__Stored data__:
....

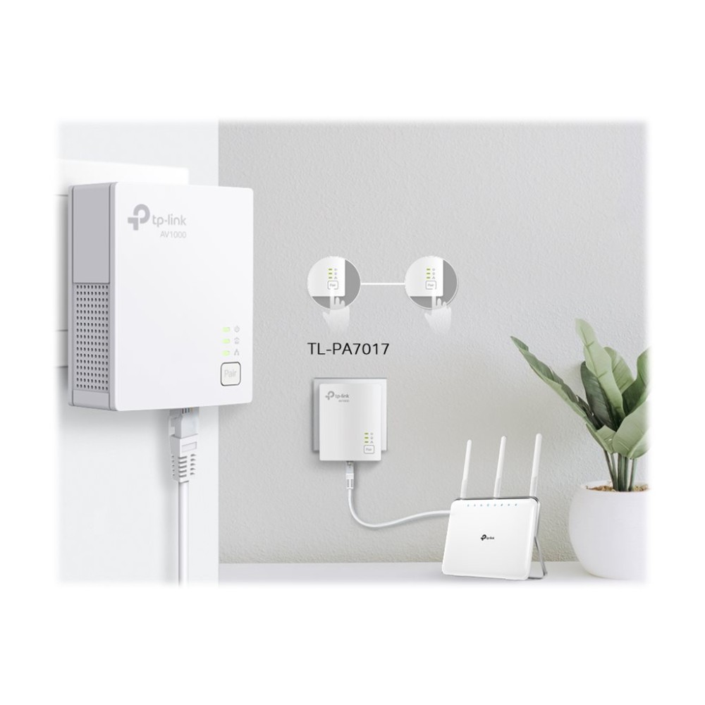 TP-LINK | Gigabit Powerline Starter Kit | TL-PA7017 KIT | 10/100/1000 Mbit/s | Ethernet LAN (RJ-45) ports 1 | No Wi-Fi | Data transfer rate (max) 1000 Mbit/s | Extra socket
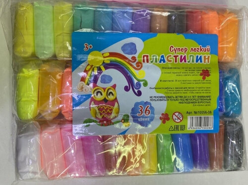 Пластилин супер легкий воздушный застывающий 36 цветов, 360 г, 3 стека
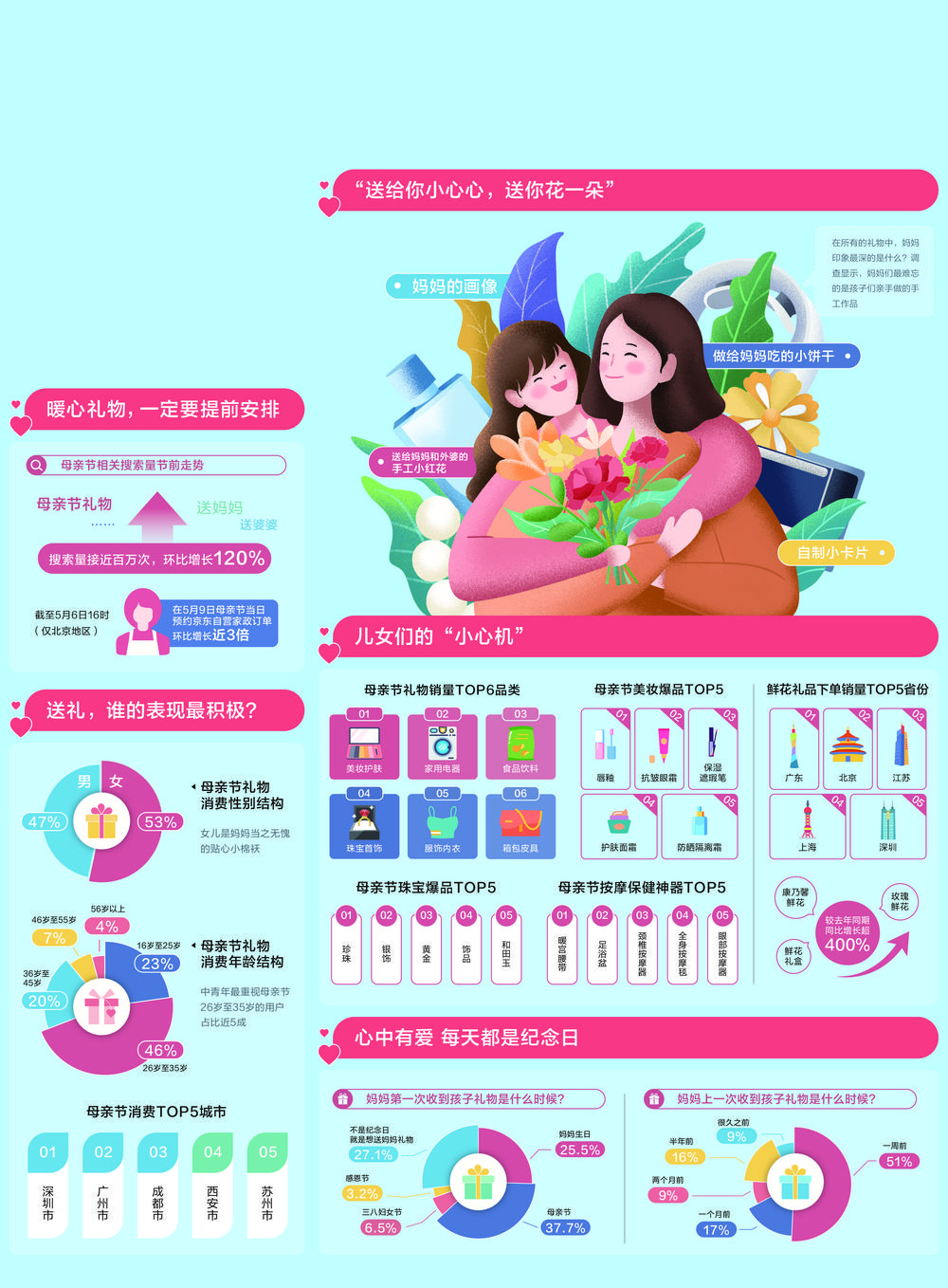 “听我说谢谢您,因为有您温暖了四季;谢谢您,感谢有您世界更美丽……”5月9日,母亲节如期而至,我们用什么对妈妈表达感恩和爱?这个母亲节,经济日报携手京东发布消费数据,帮助大家划重点,讨得妈妈的欢心。

....

__What the task requires__:
Write out the listing again word for word, but without its pictures.

__Answer section__:
 TP-LINK | Gigabit Powerline Starter Kit | TL-PA7017 KIT | 10/100/1000 Mbit/s | Ethernet LAN (RJ-45) ports 1 | No Wi-Fi | Data transfer rate (max) 1000 Mbit/s | Extra socket
 Пластилин супер легкий воздушный застывающий 36 цветов, 360 г, 3 стека
 “听我说谢谢您,因为有您温暖了四季;谢谢您,感谢有您世界更美丽……”5月9日,母亲节如期而至,我们用什么对妈妈表达感恩和爱?这个母亲节,经济日报携手京东发布消费数据,帮助大家划重点,讨得妈妈的欢心。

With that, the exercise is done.